Une maison avait été construite de pièces de rapport, avec des tours en bois à plusieurs étages ; édifice mobile, orné de fraîches peintures, d’où l’on pouvait se donner le spectacle de la chasse. Et quelle réunion d’animaux ! quelle variété d’espèces ! Démocharès aimait à se donner en grand le divertissement des condamnés livrés aux bêtes, et savait mettre à contribution même les pays les plus éloignés.
Mais le plus remarquable élément de ce magnifique ensemble de représentation théâtrale était une riche collection d’ours énormes, que le maître n’épargnait rien pour se procurer. Il la recrutait par ses propres chasses, par des achats à grands frais, et aussi par les libéralités de ses amis, qui le comblaient à qui mieux mieux de cadeaux de cette espèce. Sa sollicitude pour ses ours avait constitué leur entretien sur la plus grande échelle. Mais le sort vit d’un œil jaloux ces apprêts splendides, et les joies que s’en promettait le public. L’ennui de la captivité, les chaleurs de la canicule, la privation de mouvement, affectèrent la santé des ours ; on les vit pâtir, languir, dépérir : une maladie contagieuse se déclara, et les emporta presque jusqu’au dernier. Ces grands corps mourants encombraient les places publiques, comme on voit les débris s’amonceler sur la côte après un naufrage. Et le pauvre peuple, à qui la misère ne permet pas de se montrer dégoûté en fait d’aliments, qui de tout fait ventre, surtout quand il n’en coûte rien, affluait de tous côtés à cette curée de carrefour.

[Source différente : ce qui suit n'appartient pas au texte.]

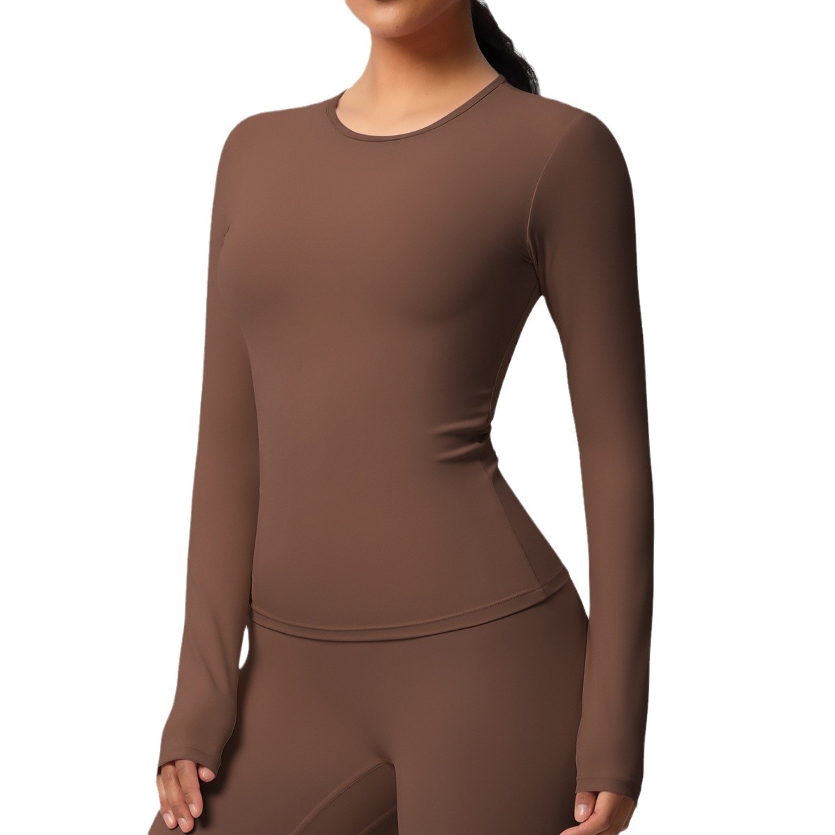新款现货跨境双面磨毛纯色长款训练运动长袖T恤跑步健身瑜伽服女

Nous bâtimes là-dessus, moi et ce bon sujet de Babulus, l’ingénieuse conception que voici. Au nombre des morts se trouvait un ours qui surpassait en grosseur tous les autres. Nous l’emportâmes au lieu de notre retraite, comme pour en faire nos repas. Là nous enlevons artistement la peau de dessus la chair, en ayant bien soin de conserver les griffes, et même en laissant le mufle intact depuis sa jonction avec le cou. Toute cette peau fut soigneusement raclée à l’intérieur, saupoudrée de cendre passée au tamis, et ensuite étendue au soleil pour sécher. Nous, pendant que cette dessiccation s’opérait au feu céleste, nous faisions bravement bombance avec la viande de l’animal. Après quoi, on ouvrit la campagne par le serment dont voici la teneur : L’un de nous, non pas tant le plus robuste que le plus déterminé, allait, de son gré bien entendu, s’enfermer dans cette peau et contrefaire l’ours. On le porterait dans cet équipage chez Démocharès, et, à la faveur de la nuit, il nous procurerait l’entrée de la maison. Le rôle était assez neuf pour trouver plus d’un amateur dans les braves de notre troupe. Thrasyléon fut désigné à la pluralité des voix, et accepta le chanceux travestissement. Le voilà donc s’affublant gaiement de cette peau, que la préparation avait rendue souple et maniable. On en rejoint ensuite les deux bords par une couture à points serrés, dont la trace, déjà presque imperceptible, se dérobe tout à fait sous les poils rabattus de l’épaisse fourrure. La tête de Thrasyléon se loge, en forçant un peu, immédiatement au-dessous de l’ouverture de la gueule, à l’endroit où le cou de la bête avait été coupé. On lui perce de petits trous vis-à-vis les yeux et le nez, pour qu’il puisse y voir et respirer. Enfin nous nous procurons une cage à bas prix, et notre intrépide camarade prélude à son rôle d’ours, en s’y fourrant résolument à quatre pattes.